BEGIN

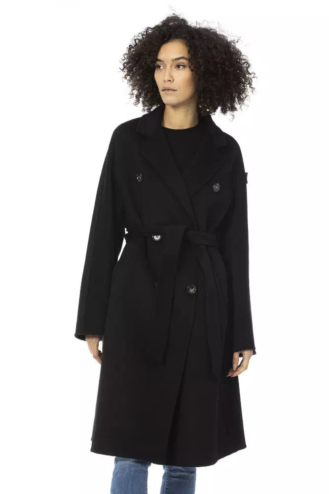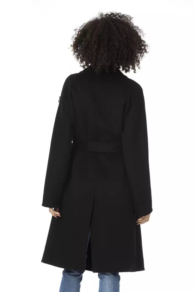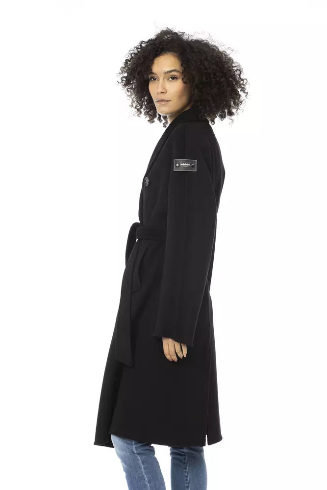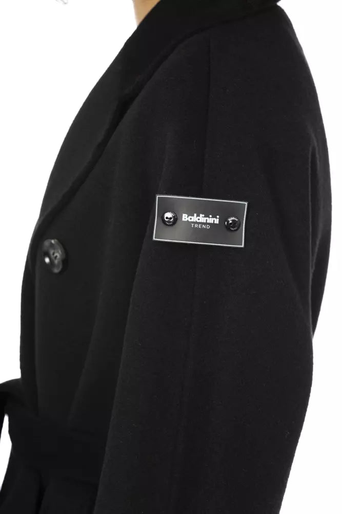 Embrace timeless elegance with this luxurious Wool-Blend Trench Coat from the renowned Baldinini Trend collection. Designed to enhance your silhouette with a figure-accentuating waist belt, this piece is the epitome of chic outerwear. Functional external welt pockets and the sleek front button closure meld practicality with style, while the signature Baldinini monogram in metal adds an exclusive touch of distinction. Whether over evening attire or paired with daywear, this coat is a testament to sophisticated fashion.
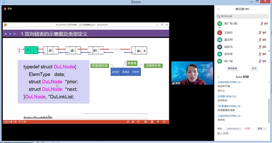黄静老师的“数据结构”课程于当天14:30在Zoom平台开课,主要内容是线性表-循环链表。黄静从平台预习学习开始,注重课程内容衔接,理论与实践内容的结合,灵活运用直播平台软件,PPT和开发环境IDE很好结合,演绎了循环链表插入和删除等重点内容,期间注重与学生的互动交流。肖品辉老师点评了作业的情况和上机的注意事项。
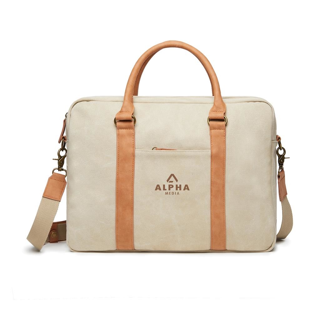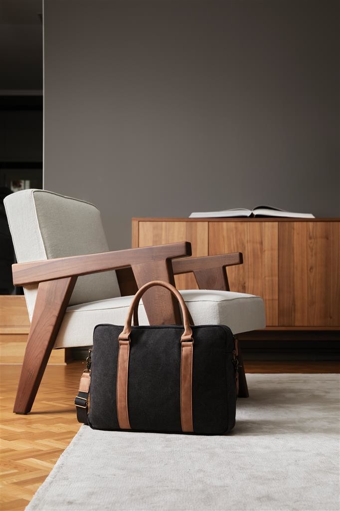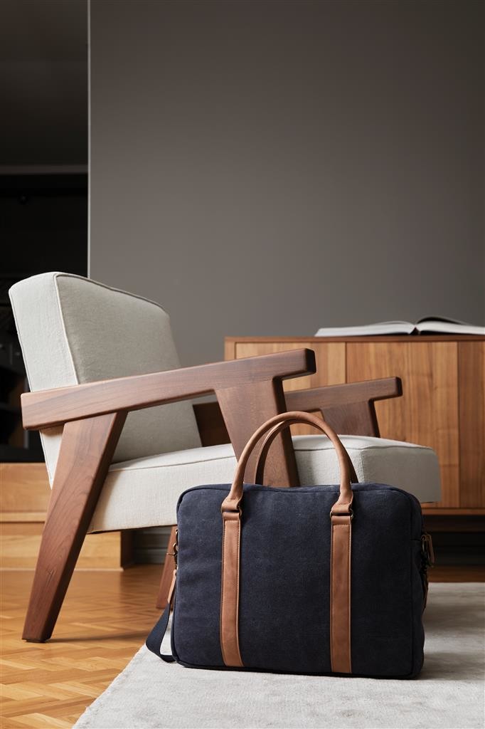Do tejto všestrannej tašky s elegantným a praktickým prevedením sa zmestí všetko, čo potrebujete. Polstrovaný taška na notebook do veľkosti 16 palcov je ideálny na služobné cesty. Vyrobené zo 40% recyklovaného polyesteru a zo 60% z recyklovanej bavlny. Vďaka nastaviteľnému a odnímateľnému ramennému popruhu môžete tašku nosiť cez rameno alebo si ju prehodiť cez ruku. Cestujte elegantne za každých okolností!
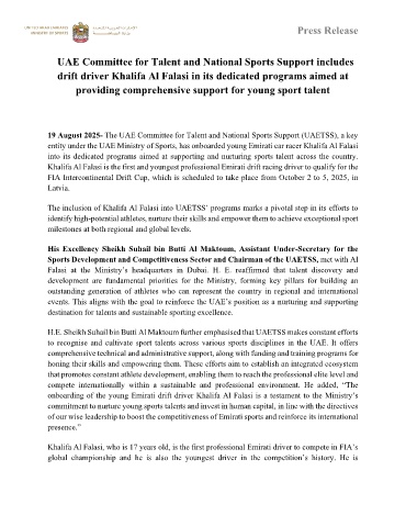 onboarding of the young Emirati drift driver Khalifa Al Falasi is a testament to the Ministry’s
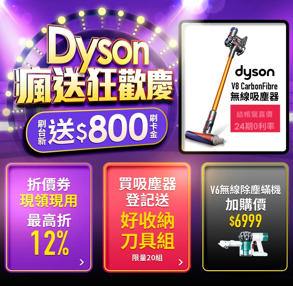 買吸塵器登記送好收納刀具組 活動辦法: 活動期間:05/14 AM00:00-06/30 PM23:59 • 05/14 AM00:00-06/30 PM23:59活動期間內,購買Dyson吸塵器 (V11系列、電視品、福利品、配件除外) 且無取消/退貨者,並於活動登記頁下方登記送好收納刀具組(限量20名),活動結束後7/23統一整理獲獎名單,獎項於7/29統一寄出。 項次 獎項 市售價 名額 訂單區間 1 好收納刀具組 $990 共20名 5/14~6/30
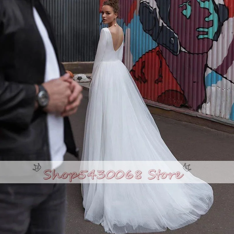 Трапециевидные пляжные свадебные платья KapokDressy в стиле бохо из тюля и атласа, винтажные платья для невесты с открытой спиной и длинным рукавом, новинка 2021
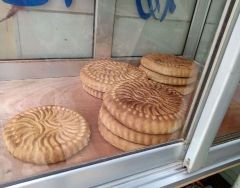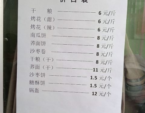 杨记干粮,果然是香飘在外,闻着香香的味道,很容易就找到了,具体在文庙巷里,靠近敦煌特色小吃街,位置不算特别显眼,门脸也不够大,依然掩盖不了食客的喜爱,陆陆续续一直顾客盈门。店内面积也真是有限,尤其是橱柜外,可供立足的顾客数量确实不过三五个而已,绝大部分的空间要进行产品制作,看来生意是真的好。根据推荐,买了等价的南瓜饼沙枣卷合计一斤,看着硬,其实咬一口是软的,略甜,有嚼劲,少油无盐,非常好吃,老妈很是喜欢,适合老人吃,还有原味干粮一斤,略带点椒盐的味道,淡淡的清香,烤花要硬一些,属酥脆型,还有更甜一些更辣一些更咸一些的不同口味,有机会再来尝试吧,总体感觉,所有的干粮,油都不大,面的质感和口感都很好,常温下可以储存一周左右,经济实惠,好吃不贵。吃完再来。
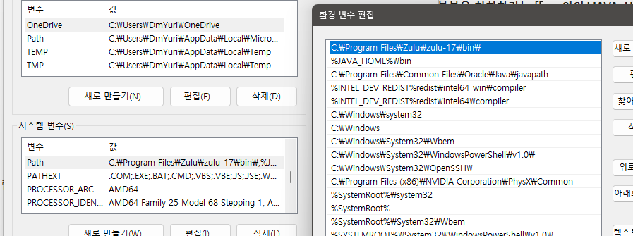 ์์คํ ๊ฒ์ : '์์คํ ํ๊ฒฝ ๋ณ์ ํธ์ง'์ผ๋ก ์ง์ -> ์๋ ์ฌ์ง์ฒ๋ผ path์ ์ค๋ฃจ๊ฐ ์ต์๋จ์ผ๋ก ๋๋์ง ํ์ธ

END

Within the entries above, the lines from the one containing "買吸塵器登記送好收納刀具組 活動辦法: 活動期間:05/14" through the one containing "杨记干粮,果然是香飘在外,闻" are to be transcribed exactly, ends included, pictures excluded.

 買吸塵器登記送好收納刀具組 活動辦法: 活動期間:05/14 AM00:00-06/30 PM23:59 • 05/14 AM00:00-06/30 PM23:59活動期間內,購買Dyson吸塵器 (V11系列、電視品、福利品、配件除外) 且無取消/退貨者,並於活動登記頁下方登記送好收納刀具組(限量20名),活動結束後7/23統一整理獲獎名單,獎項於7/29統一寄出。 項次 獎項 市售價 名額 訂單區間 1 好收納刀具組 $990 共20名 5/14~6/30
 Трапециевидные пляжные свадебные платья KapokDressy в стиле бохо из тюля и атласа, винтажные платья для невесты с открытой спиной и длинным рукавом, новинка 2021
 杨记干粮,果然是香飘在外,闻着香香的味道,很容易就找到了,具体在文庙巷里,靠近敦煌特色小吃街,位置不算特别显眼,门脸也不够大,依然掩盖不了食客的喜爱,陆陆续续一直顾客盈门。店内面积也真是有限,尤其是橱柜外,可供立足的顾客数量确实不过三五个而已,绝大部分的空间要进行产品制作,看来生意是真的好。根据推荐,买了等价的南瓜饼沙枣卷合计一斤,看着硬,其实咬一口是软的,略甜,有嚼劲,少油无盐,非常好吃,老妈很是喜欢,适合老人吃,还有原味干粮一斤,略带点椒盐的味道,淡淡的清香,烤花要硬一些,属酥脆型,还有更甜一些更辣一些更咸一些的不同口味,有机会再来尝试吧,总体感觉,所有的干粮,油都不大,面的质感和口感都很好,常温下可以储存一周左右,经济实惠,好吃不贵。吃完再来。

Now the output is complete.